-- Opening Marker --
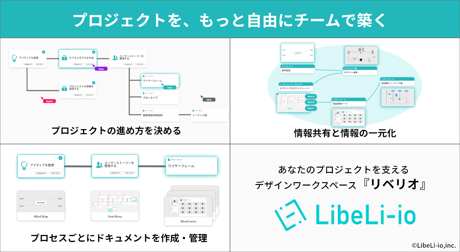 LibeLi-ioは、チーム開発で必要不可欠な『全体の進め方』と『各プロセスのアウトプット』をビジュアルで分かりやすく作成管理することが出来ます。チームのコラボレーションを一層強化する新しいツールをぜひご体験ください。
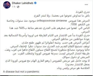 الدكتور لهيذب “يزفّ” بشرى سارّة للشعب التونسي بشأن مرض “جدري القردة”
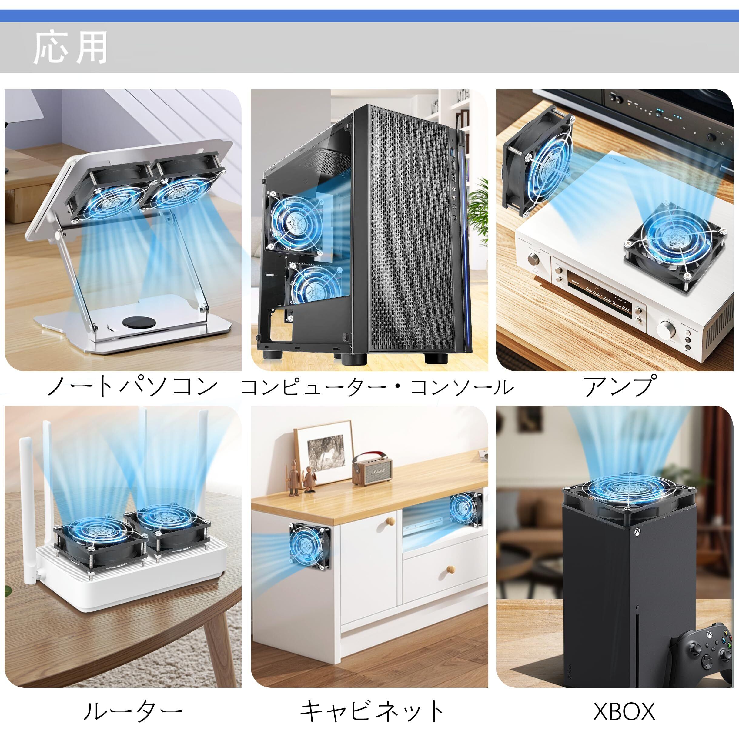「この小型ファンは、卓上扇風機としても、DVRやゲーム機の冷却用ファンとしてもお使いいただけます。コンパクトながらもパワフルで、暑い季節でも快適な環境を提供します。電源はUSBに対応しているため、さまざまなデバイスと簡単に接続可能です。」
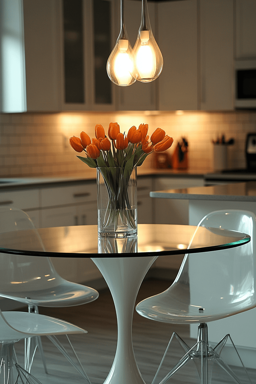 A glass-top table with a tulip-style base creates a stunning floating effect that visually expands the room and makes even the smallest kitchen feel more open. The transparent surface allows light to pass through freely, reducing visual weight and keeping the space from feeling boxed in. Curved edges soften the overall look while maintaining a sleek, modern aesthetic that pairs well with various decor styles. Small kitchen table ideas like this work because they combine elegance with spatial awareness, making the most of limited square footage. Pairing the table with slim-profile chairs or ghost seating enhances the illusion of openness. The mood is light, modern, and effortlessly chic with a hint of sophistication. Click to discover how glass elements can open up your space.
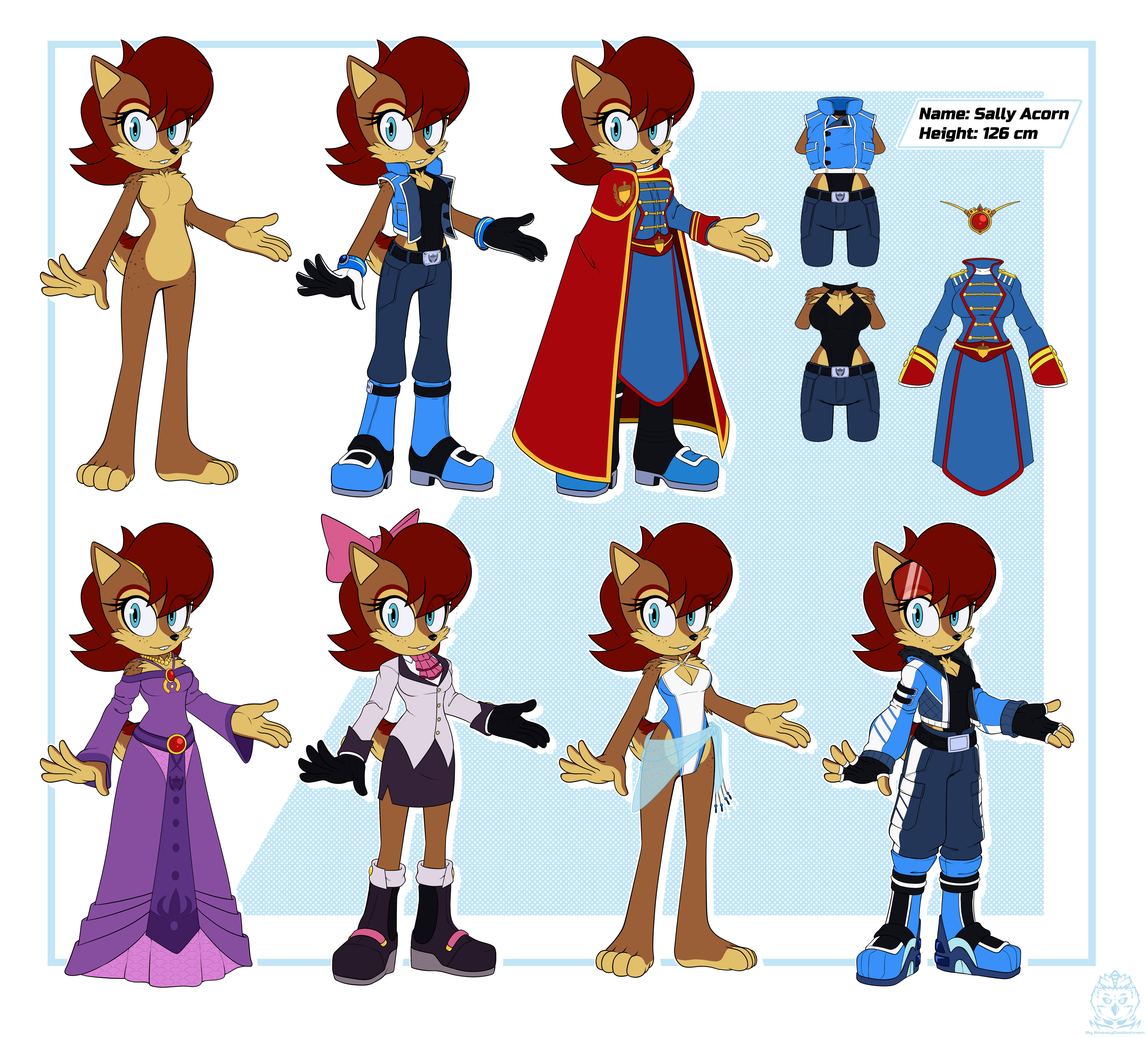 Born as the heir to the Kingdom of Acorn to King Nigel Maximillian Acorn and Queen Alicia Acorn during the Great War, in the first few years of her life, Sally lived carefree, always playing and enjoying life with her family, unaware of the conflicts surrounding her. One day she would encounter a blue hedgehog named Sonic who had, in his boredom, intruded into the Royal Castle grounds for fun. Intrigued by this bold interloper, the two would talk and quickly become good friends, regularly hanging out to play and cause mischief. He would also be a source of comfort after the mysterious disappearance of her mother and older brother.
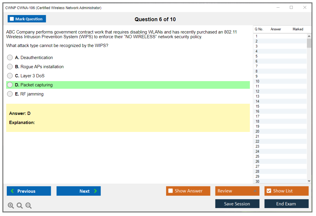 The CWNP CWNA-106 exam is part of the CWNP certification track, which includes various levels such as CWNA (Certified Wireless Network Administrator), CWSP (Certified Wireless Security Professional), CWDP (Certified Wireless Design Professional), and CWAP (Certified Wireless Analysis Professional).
-- Closing Marker --
→ Exercise prompt: Give back each entry exactly as it appears. Leave pictures out.

→ Result below:
 LibeLi-ioは、チーム開発で必要不可欠な『全体の進め方』と『各プロセスのアウトプット』をビジュアルで分かりやすく作成管理することが出来ます。チームのコラボレーションを一層強化する新しいツールをぜひご体験ください。
 الدكتور لهيذب “يزفّ” بشرى سارّة للشعب التونسي بشأن مرض “جدري القردة”
「この小型ファンは、卓上扇風機としても、DVRやゲーム機の冷却用ファンとしてもお使いいただけます。コンパクトながらもパワフルで、暑い季節でも快適な環境を提供します。電源はUSBに対応しているため、さまざまなデバイスと簡単に接続可能です。」
 A glass-top table with a tulip-style base creates a stunning floating effect that visually expands the room and makes even the smallest kitchen feel more open. The transparent surface allows light to pass through freely, reducing visual weight and keeping the space from feeling boxed in. Curved edges soften the overall look while maintaining a sleek, modern aesthetic that pairs well with various decor styles. Small kitchen table ideas like this work because they combine elegance with spatial awareness, making the most of limited square footage. Pairing the table with slim-profile chairs or ghost seating enhances the illusion of openness. The mood is light, modern, and effortlessly chic with a hint of sophistication. Click to discover how glass elements can open up your space.
 Born as the heir to the Kingdom of Acorn to King Nigel Maximillian Acorn and Queen Alicia Acorn during the Great War, in the first few years of her life, Sally lived carefree, always playing and enjoying life with her family, unaware of the conflicts surrounding her. One day she would encounter a blue hedgehog named Sonic who had, in his boredom, intruded into the Royal Castle grounds for fun. Intrigued by this bold interloper, the two would talk and quickly become good friends, regularly hanging out to play and cause mischief. He would also be a source of comfort after the mysterious disappearance of her mother and older brother.
 The CWNP CWNA-106 exam is part of the CWNP certification track, which includes various levels such as CWNA (Certified Wireless Network Administrator), CWSP (Certified Wireless Security Professional), CWDP (Certified Wireless Design Professional), and CWAP (Certified Wireless Analysis Professional).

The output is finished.